Краем глаза он уловил легкое движение: Кёниг кивнул, указывая незнакомцам на него. Те вскочили, дверь лифта открылась. Борн резко обернулся. Человек справа достал из кармана миниатюрный радиопередатчик и что-то быстро и отрывисто проговорил.
Второй держал руку под плащом. А когда вынул, в ней оказался револьвер тридцать восьмого калибра с дырчатым цилиндром на стволе – глушитель.

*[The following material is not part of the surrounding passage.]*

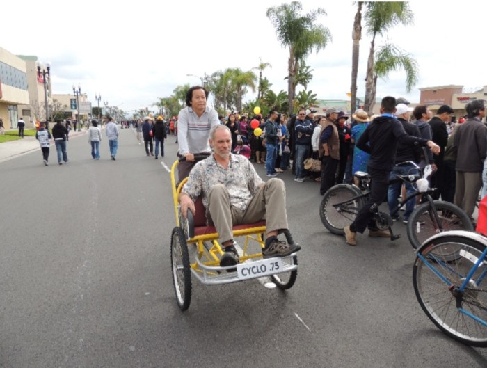(Chú thích thêm của Đ V Chương: thỉnh thoảng trong vài bưổi lễ hội tại Hoa Kỳ,xích lô đạp lại xuất hiện ở Bolsa-Orange Conty-California mà tôi- Đ V Ch – chụp được dưới đây nhân dịpTết Ất Mùi 2015, người đội cap trắng, mang kiếng trắng đứng kế xe xích lô là Hiền Thê của tôi)
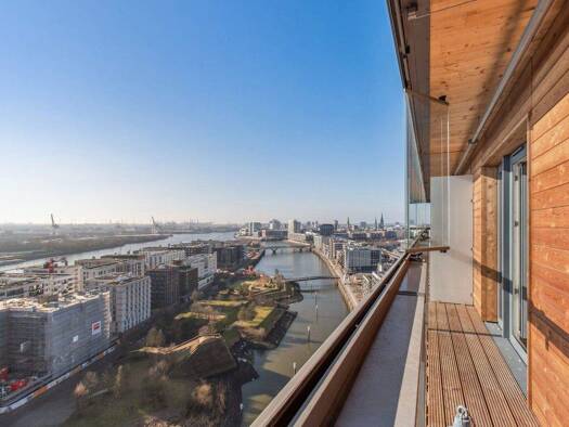 Freier Blick auf die Elbe und die Elbphilharmonie, eine umlaufende Terrasse und ein Neubau, der Offenheit und Privatsphäre perfekt vereint - diese Wohnung zählt zu den seltenen Angeboten der HafenCit...

Незнакомцы направились к нему, и Борн, пятясь, ступил в пустой лифт.
Началось.
Глава 5
Лифт начал закрываться, человек с передатчиком был уже внутри, плечи его вооруженного спутника втиснулись между сжимающимися створками, оружие было нацелено в голову Борна. Джейсон подался вправо – как бы в страхе отшатнулся, – затем резко, внезапно вскинул левую ногу и, развернувшись, ударил по руке врага, направив пистолет вверх и вытолкнув человека из кабины. Два приглушенных выстрела раздались прежде, чем закрылись двери, пули засели в толстом деревянном потолке. Борн завершил разворот, нанеся сокрушительный удар плечом в живот второго человека, одной рукой схватил его за лацканы, другой стиснул руку с передатчиком и с размаху впечатал в стену. Рация полетела на пол, из нее донеслись слова: «Henri? Ça va? Qu’est-ce qui ce passe?» [12]12
Анри? Как ты там? Что происходит? (фр.)
[Закрыть]
Перед глазами Борна возник другой француз – его несостоявшийся убийца, который растворился во мраке улицы Сарразен меньше суток назад. Этот негодяй не терял времени даром, сообщил в Цюрих, что тот, кого вот уже пять месяцев считали трупом, жив. Еще как жив. Убить его!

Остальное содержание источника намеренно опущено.